It adds non-trivial complexity, so imo, there has to be a good reason to split.

Typically, I would try to report off the transactional database initially.
Ensure that any indexes you add to facilitate efficient reporting are all frequently used. The more indexes you add, the poorer performance is going to be on inserts and (if you alter keys) updates.
When you do go to a reporting database, remember there are only a few reasons you are going there:
Ultimately, the number one thing about reporting databases is that you are removing locking contention from the OLTP database. So if your reporting database is a straight copy of the same database, you're simply using delayed snapshots which won't interfere with production transactions.
Next, you can have a separate indexing strategy to support the reporting usage scenarios. These extra indexes are OK to maintain in the reporting database, but would cause unnecessary overhead in the OLTP database.
Now both the above could be done on the same server (even the same instance in a separate database or even just in a separate schema) and still see benefits. When CPU and IO are completely pegged, at that point, you definitely need to have it on a completely separate box (or upgrade your single box).
Finally, for ultimate reporting flexibility, you denormalize the data (usually into a dimensional model or star schemas) so that the reporting database is the same data in a different model. Reporting of large amounts of data (particularly aggregates) is extremely fast in dimensional models because the star schemas are very efficient for that. It also is efficient for a larger variety of queries without a lot of re-indexing or analysis to change indexes, because the dimensional model lends itself better to unforeseen usage patterns (the old "slice and dice every which way" request). You could view this is a kind of mini-data warehouse where you use data warehousing techniques, but aren't necessarily implementing a full-blown data warehouse. Also, star schemas are particular easy for users to get to grips with, and data dictionaries are much simpler and easier to build for BI tools or reporting tools from star schemas. You could do this on the same box or different box etc, just like discussed earlier.

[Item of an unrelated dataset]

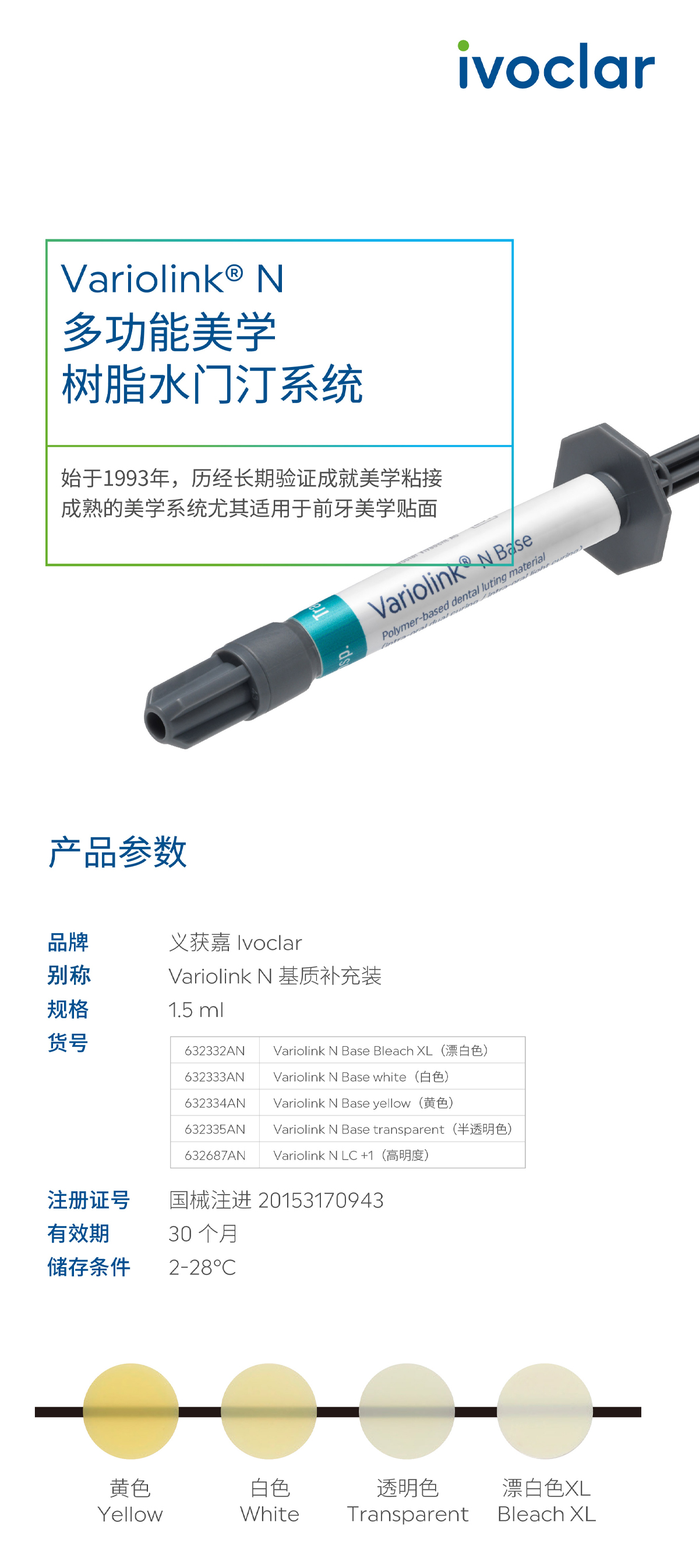 义获嘉 Variolink N Base 多功能美学双固化树脂粘结水门汀基质补充装 / VN基质 1.5ml/支

This question requires experience rather than science.
As a BI architect, the approach I take on designing each BI solution for my clients are very different. I don't go through a checklist. It requires a general understanding of their system, their reporting requirements, budget and man power.
I personally prefer to keep the reporting processes as much as possible on the database side (Best practice in BI world). REPORTING TOOLS ARE FOR DISPLAYING PURPOSE ONLY (MAXIMUM FOR SMALL CALCULATIONS). This approach requires a lot of pre-processing of data which requires different staging tables, triggers and etc.
When you said:
I work on projects with hundreds of millions of rows with real time reporting along with hundreds of users accessing the application/database at the same time with out issue.
There are a few things wrong with your statement.
Hundreds of millions of rows are A LOT. even today's in memory tools like Cognos TM1 or Qlikview would struggle to get such a results. (look at SAP HANA from SAP to understand how giants in the industry handle it).
If you have Hundreds of millions of rows in database, it doesn't necessarily mean that the report needs to go through all those records. maybe the report worked on 1000s not millions. probably that's what you saw.
Transactional reports are very different than dashboards. Most dashboard tools pre-processing and cache the data.
My point is that it all comes to experience for deciding when to:
design a new schema
create a semantic database
work on the same transactional database
or even use a reporting tool (Sometimes handwritten dashboards with Java/JSF/Ajax/jQuery or JSP would work fine for client)

The main reason you would need a separate database for reporting issues is when the generation of the reports interferes with the transactional responsibilities of the app. E.g. if a report takes 20 minutes to generate and utilizes 100% of the CPU/Disk/etc... during a time of high activity you might think of using a separate database for reporting.
As for questions, here are some basic one:
Can I do the high intensity reports during non-peak hours?
Does it interfere with the users using the system?
If yes to #2, what are the costs of the interference Vs the cost of another database server, refactoring code, etc...?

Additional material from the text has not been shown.